Yeah, this is so excellent. It's it's a perfect question to end with, because I think goes back to the the other question of like, how do we do this better in terms of regulation? We need? First of all, we need so much more expertise in government itself? That, you know, to your question, and we shouldn't have, I actually don't think that it's useful. And I've been critical of this, like, I actually have a new paper that is critical that like, the Biden ministration has an AI Bill of Rights. Yeah, like, separate from all the legislative bills, like there's the AI Bill of Rights, and it talks about it and kind of this bundled way. I you know, I actually think that we need regulation for each one of these technologies. Like, you know, what would be the gold standard of having hiring algorithms, or video, you know, emotional detection of like candidates. And we actually do need to flesh out like, you know, I talked about content generation and facial recognition and, and when, you know, when the FDA approves autonomous decisions and radiology, we need, we need regulation on all those.
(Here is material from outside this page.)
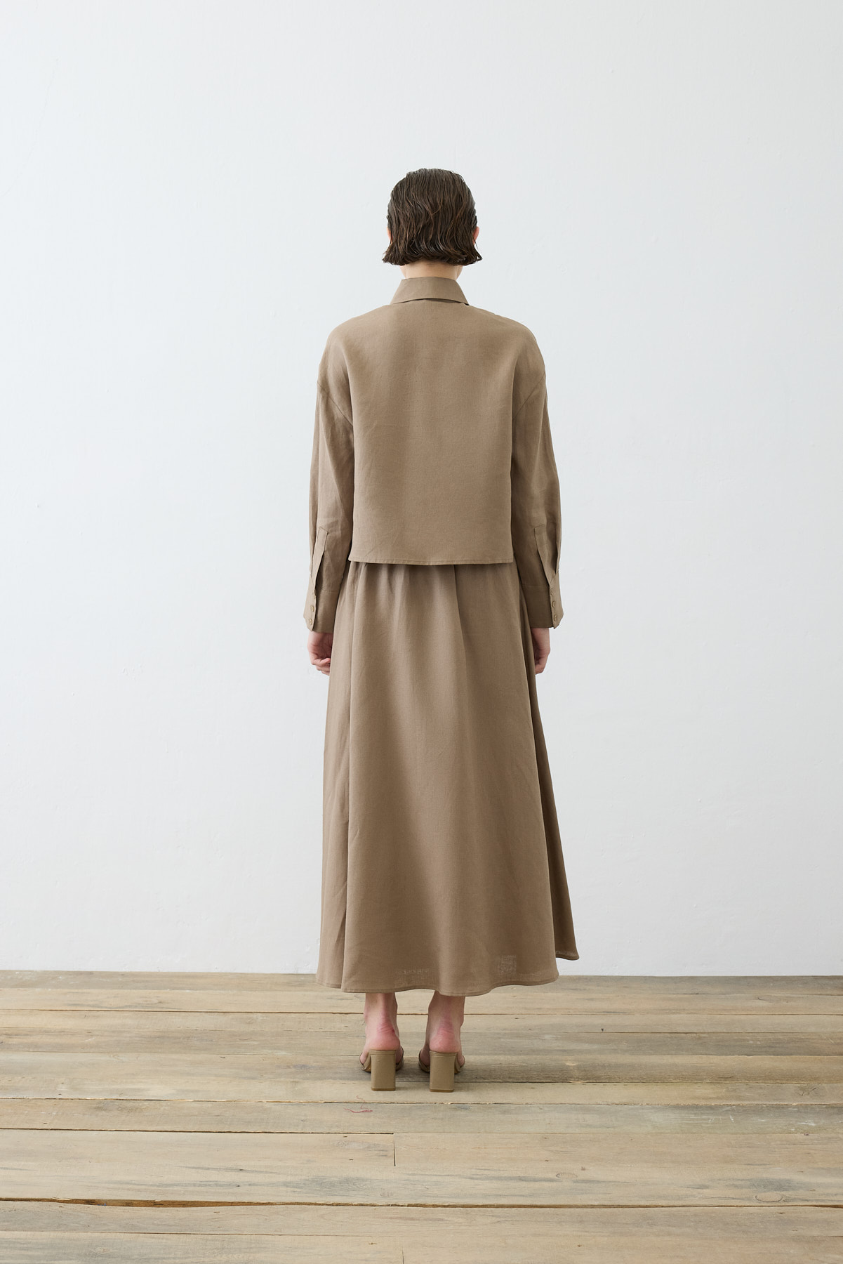 Prime Washed Silk Sleeveless Shirt Set – Khaki

And I think that from what I see, I don't even I will probably agree that it's not really useful to have just like this overarching, like bundling of everything that is possibly AI whether it's like truly machine learning, like you know, neural network technology that is making completely autonomous decisions or you know, I think it's just because these are a different technologies be very different contexts and goals and sectors. I think it's doing probably more harm than good to have these dislike, what the EU is doing like telling us like, this is what AI is and just be really really careful.

 

Jeanne Fromer  52:47  

And on that note, please join me in thanking Orly.